Ryan Donovan: Yeah. I think in the initial contact emails, we talked about using AI as a control plane for the sort of systems in production. Can you expand on that idea?

Spiros Xanthos: What we found in practice is that, although our goal was 'let's build AI agents that can use the same tools as humans in running production and troubleshooting incidents,' what we found is to do that well, you have to both be able to use all these tools, you have to be able to reason, and you have to be able to learn. Learn in terms of like, extract the tribal knowledge that exists and is spread out across these tools and human minds, basically. And as you start letting all the tribal knowledge, and you have control of all these tools, let's say that the human uses, then you effectively have this layer of abstraction—this intelligent layer of abstraction—on top of these lower-level tools. That allows you to, essentially, perform most tasks, let's say, that the human has to perform in production, a lot faster. For example, oftentimes, let's say you have questions that span multiple tools that might not be troubleshooting; i'll give you an example of something we, you know, one of our engineers did yesterday: we realized our volume of logs have grown, like, significantly in the last couple of weeks. So, one of our engineers went to Resolve, said, 'can you give me the top five long lines by volume and tell me how to optimize?' So, Resolve went and ran a query in our logging tool, figured out which, essentially, 'log lines' are the highest volume, then went back, looked into code to see where those are produced from, and then suggested how to change the code to reduce the volume of logs. And with like, essentially an exercise that would have taken probably, I don't know, maybe an hour, or multiple hours for somebody to be able to do, was done in two minutes, and also cut back, like, the specific code change we had to apply to optimize the logs. So, any kind of task of this nature that might not be troubleshooting strictly can be performed a lot faster because now, as a human, you can operate at the level of abstraction higher than the underlying tools. You don't have to understand the spoken language for the logging tool. You get the exact place in the code where you need to make the change, or you know, understand the specific behavior of the code.

Ryan Donovan: Sounds like what we you have to do is just be able to identify a problem and then go to the AI and say, 'hey, what is this?'

Spiros Xanthos: Correct. And I think this is where we are today, right? Today, mostly, I would say we and our customers use Resolve AI to identify problems, you know, get to the root cause of an issue, or an alert, or an incident, or answer any other question that involves all these tools. I think we're moving to the next stage of this also very quickly, which is, 'okay, now that you identify the problem, can you fix it for me?' So this can take the form of remediation in the case of an incident, but also can take the form of just, 'create a PR for the question I just described about log volume and just do it for me.' I think we're gonna very quickly see that the loop is gonna close... 'okay, this is the problem. This is the fix. Please take it.' You know, the set of actions we trust and AI to take – it's gonna expand very, very quickly as, let's say, the quality of answers increases.

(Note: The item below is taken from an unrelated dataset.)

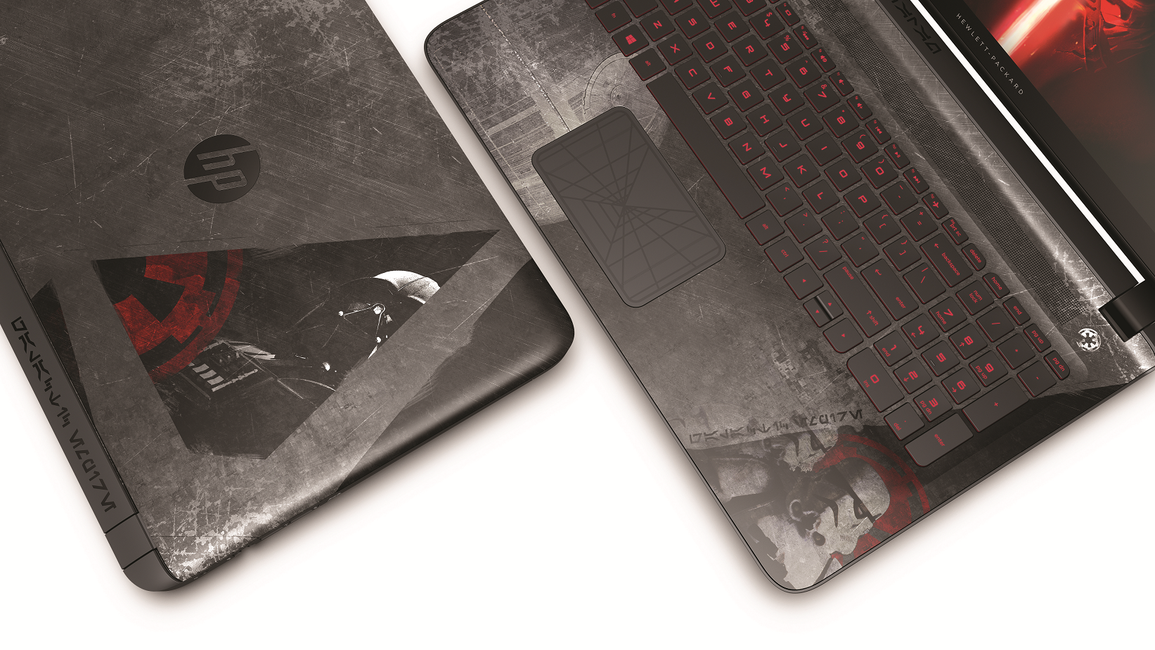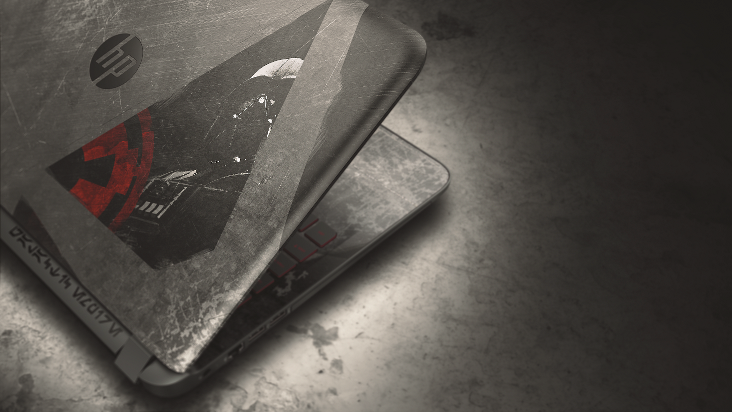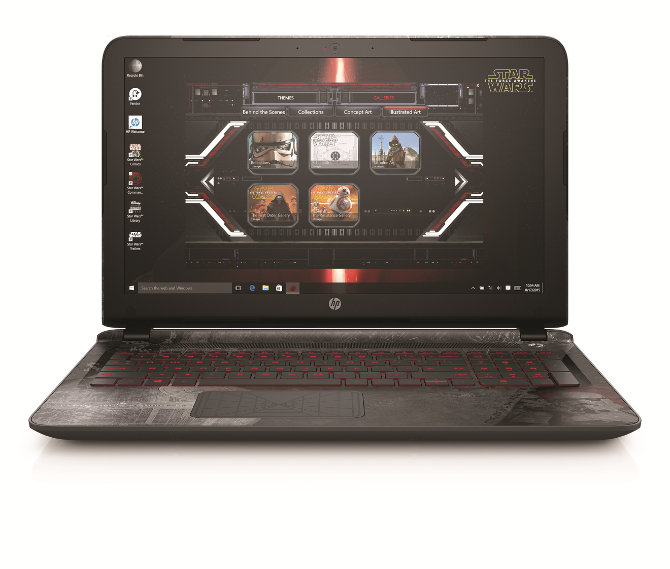 Lấy cảm hứng từ tập phim mới Star Wars: Thần lực thức tỉnh, mẫu máy tính xách tay này là sản phẩm hợp tác giữa HP, Disney và Lucasfilm. Người dùng dễ dàng nhận ra dấu ấn thiên hà ngay trên nắp máy, bề mặt bàn phím và bản lề.

Ryan Donovan: So, this all leads to the question of the actions that humans are gonna be able to take. When I first worked at a large scaled-up tech company, I was surprised at the number of engineers there—hundreds of engineers—and it sounds like a lot of this sort of work is gonna be now done by AI. Do you think we're coding ourselves out of jobs?

Spiros Xanthos: I think that the job of the software engineer or site liability engineer has changed already. If you're gonna be successful in today's environment, you actually have to be able to use effectively AI tools 'cause they create a lot of productivity gains, effectiveness– you can do your job better. Now, I think that the same way, let's say, that maybe we move from assembly to high-level languages, and move to having like, operating systems that do most of the work for us – I don't think that's different. I don't think we're gonna have fewer people that are software engineers. It's just that the job is gonna be different. And out of all this, I think we're gonna have much higher productivity, much higher technological output. We're gonna be able to solve many more problems with technology. I think a lot of problems that rely on technology are gonna become a lot cheaper to solve. So, overall, it's just that I believe we're creating a new level of abstraction. Humans have to learn how to operate at this high level of abstraction, but I don't think the end result out of all this is gonna be fewer people in technology. If anything, it might be more of them.

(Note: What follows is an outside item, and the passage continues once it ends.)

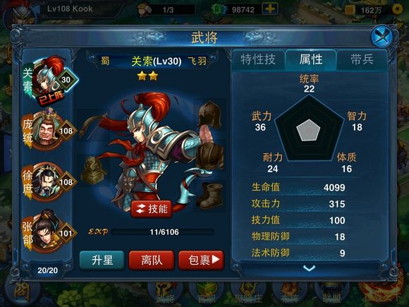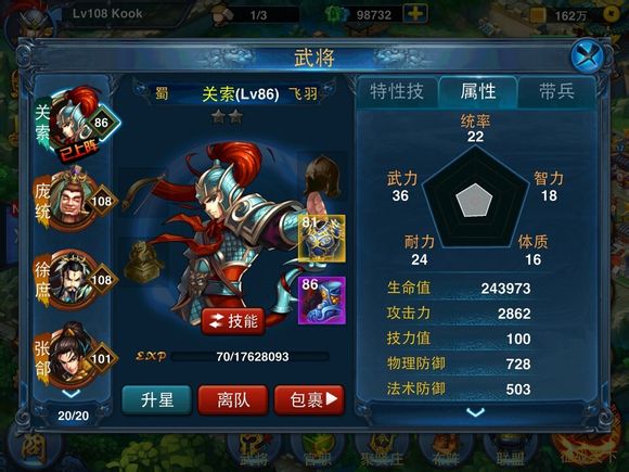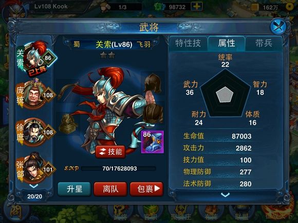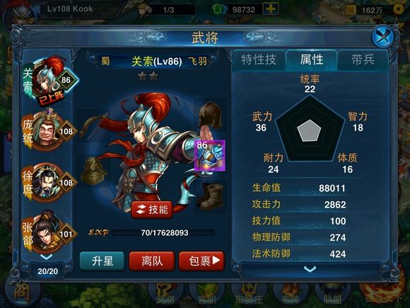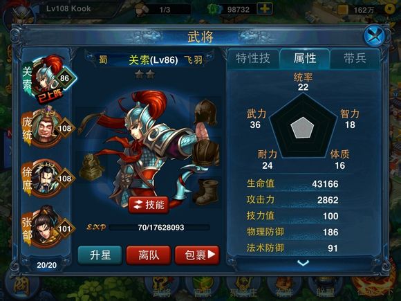 那接下来,我们去把关索等级升到86级,防御增加到了186

Ryan Donovan: Right. Well, I mean, a lot of these greater levels of abstraction have also enabled greater levels of complexity in software. Do you think there's gonna be a new level of complexity enabled by AI?

Spiros Xanthos: I believe so. It is already happening, in my opinion, in coding, and it's very, very quickly gonna happen in production systems as well, and that comes with more complexity. Now, imagine if 80%, 90% of your code is generated. This means that probably, your familiarity with the code is less than it was before, so it will probably become harder for a human to troubleshoot incidents for the code that AI has generated as a result. We probably need assistance in doing that from AI, as well. It's the same concept, similar to when we move from running applications on servers to running containers to running microservices. A lot more complexity; better tools to be able to handle these. I just think the jump is higher this time, but conceptually, probably it is the same. We talked about this 70-30, or whatever the ratio might be. I think it's becoming worse 'cause we're already starting from a situation where running large production systems is difficult. Now that a lot of the code is also generated and it's generated at a faster pace, we definitely need AI tools to be able to manage them.

Ryan Donovan: I mean, it seems like it creates this new technology, and then there's an orchestration level on top of it with containers. I think you're sort of seeing it with agents, but I could see a world where it's an orchestration level on top of the agents just trying to understand this massive pile of code now being generated.

Spiros Xanthos: I agree. We already see that. We don't yet have the right protocols for agents to communicate with each other, but a very simple example is: oftentimes—and we do this ourselves—you can have two agents in the same, let's say, Slack channel or Slack thread, and one can take the output from the other and perform an action. So, I do believe it's not just humans managing agents. I think it's gonna be agents working with each other. And obviously, you know, some orchestration across them, whether that happens from another agent or a human.

Ryan Donovan: I mean, there's the A2A protocol recently donated to the Linux Foundation, but I have not heard a lot about that as in terms of how good it is as a protocol.

Spiros Xanthos: I don't think it had the adoption, at least that I was hoping [for], yet. But we're also in the early days.

Ryan Donovan: I'm not sure we're at a place where people are using agents to talk to agents as much. We're still getting the hang of agents.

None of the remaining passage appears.